International Economics Flashcards
(121 cards)
Which committee set up to decide full cap A/C convertibility
SS Tarapore committee
Export competitiveness increases by
Depreciation of currency
Which account is fully convertible
Current Account
Appreciation and depreciation done by
Market prices
Devaluation and Revaluation done by
Govt
Three types of exchange rate systems XRS
Fixed
Floating
Fixed float/ dirty float
Mundell Fleming Trilemma
When making fundamental decisions about managing international monetary policy, a trilemma suggests that countries have three possible options from which to choose.
- Setting a fixed currency exchange rate
- Allowing capital to flow freely with no fixed currency exchange rate agreement
- Autonomous monetary policy
How to increase demand of USD
Increase Money supply/ Cent bank should buy USD
How to decrease demand of USD
Decrease Money supply of your currency
How to increase supply of USD
Sell from forex reserves
How to decrease supply of USD
Trade barriers, export bans.
Though has limited effect.
Balance of Payment is, what does it consist of
It is a statement of all transactions between a country and the outside world.
It consists of two accounts:
1. Current Account: Deals with the import and export of goods and services.
- Capital Account: Involves cross-border movement of capital via investments and loans.
Capital Account Convertibility (CAC) is
Freedom to convert currencies for investments i.e. conduct investment transactions without constraints.
CAC refers to the degree of freedom to convert foreign financial assets into domestic financial assets and vice versa at market-determined exchange rate.
No limits on converting rupees to foreign currency for asset acquisition.
No limits on NRIs bringing in foreign currency to acquire assets in India.
Current Account Convertibility
Freedom to convert rupees to other currencies for payments without restrictions.
refers to the degree of freedom to convert your rupees into other internationally accepted currencies and vice versa without any restrictions whenever payments are made.
In India, Current Account is today fully convertible since August 19, 1994.
Prior to this date, India had partial Current Account Convertibility.
It means that the full amount of foreign exchange required for current purposes will be available at the official exchange rate, allowing for an unrestricted outflow of foreign exchange.
Currency Convertibility means, its two components
That a country’s currency can be freely exchanged for foreign currency at an exchange rate, which is determined by the market forces i.e. demand for and supply of the currency.
It has two components:
- Current Account Convertibility
- Capital Account Convertibility
Current Account means
the account is settled and doesn’t include any future obligations.
Current Account constitutes
- Balance of trade and
- Balance of invisibles wh includes services, factor income, remittances.
Capital account means
that account which creates a future asset or liability.

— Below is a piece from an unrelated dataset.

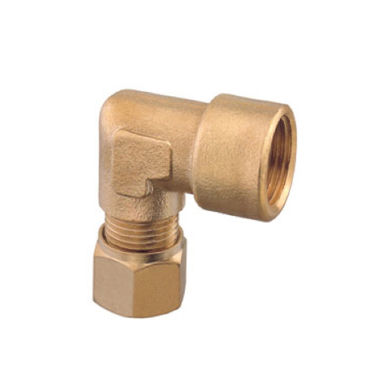 Raccordo in ottone, femmina curvo a 90°con ogiva.

Has an unsettled transaction.
Private remittances are a part of which BoP account
Current Account.
Forex Reserves includes
Foreign currency assets (FCA)
Gold holdings of RBI
Special Drawing Rights (SDRs)
Reserve Tranche Position (RTPs) in IMF
Special Drawing Rights (SDRs)
Special drawing rights (SDRs, code XDR) are supplementary foreign exchange reserve assets defined and maintained by the International Monetary Fund (IMF).[1] SDRs are units of account for the IMF, and not a currency per se.[2] They represent a claim to currency held by IMF member countries for which they may be exchanged.[3] SDRs were created in 1969 to supplement a shortfall of preferred foreign exchange reserve assets, namely gold and U.S. dollars.[3] The ISO 4217 currency code for special drawing rights is XDR and the numeric code is 960.
What are Foreign Exchange Reserves
They are assets held on reserve by a central bank in foreign currencies, which can include bonds, treasury bills and other government securities.
These assets serve many purposes but are most significantly held to ensure that the central bank has backup funds if the national currency rapidly devalues or becomes altogether insolvent.
Reserve Tranche Position
The reserve tranche is a segment of an International Monetary Fund member country’s quota that is accessible without fees or economic reform conditions.
Although reserve tranches are 25% of the member nations’ quota, this position can change according to IMF lending from its holdings of the member’s currency.
The reserve tranches with the IMF are considered their facilities of first resort, meaning they can tap into them before seeking a formal credit tranche that charges interest.
Reserve tranche is basically an emergency account that IMF members can access at any time without agreeing to conditions or paying a service fee. Tranche literally means a slice or a portion.
Each member of the IMF is assigned a quota (membership fee). A country’s Reserve Tranche Position (RTP) is the difference between IMF’s holdings of that country’s currency and the country’s IMF-designated quota.
Reserve Tranche Position is accounted for among a country’s foreign-exchange reserves. Part of the quota can be withdrawn from the IMF without any interest during critical situations of a country such as BOP crises.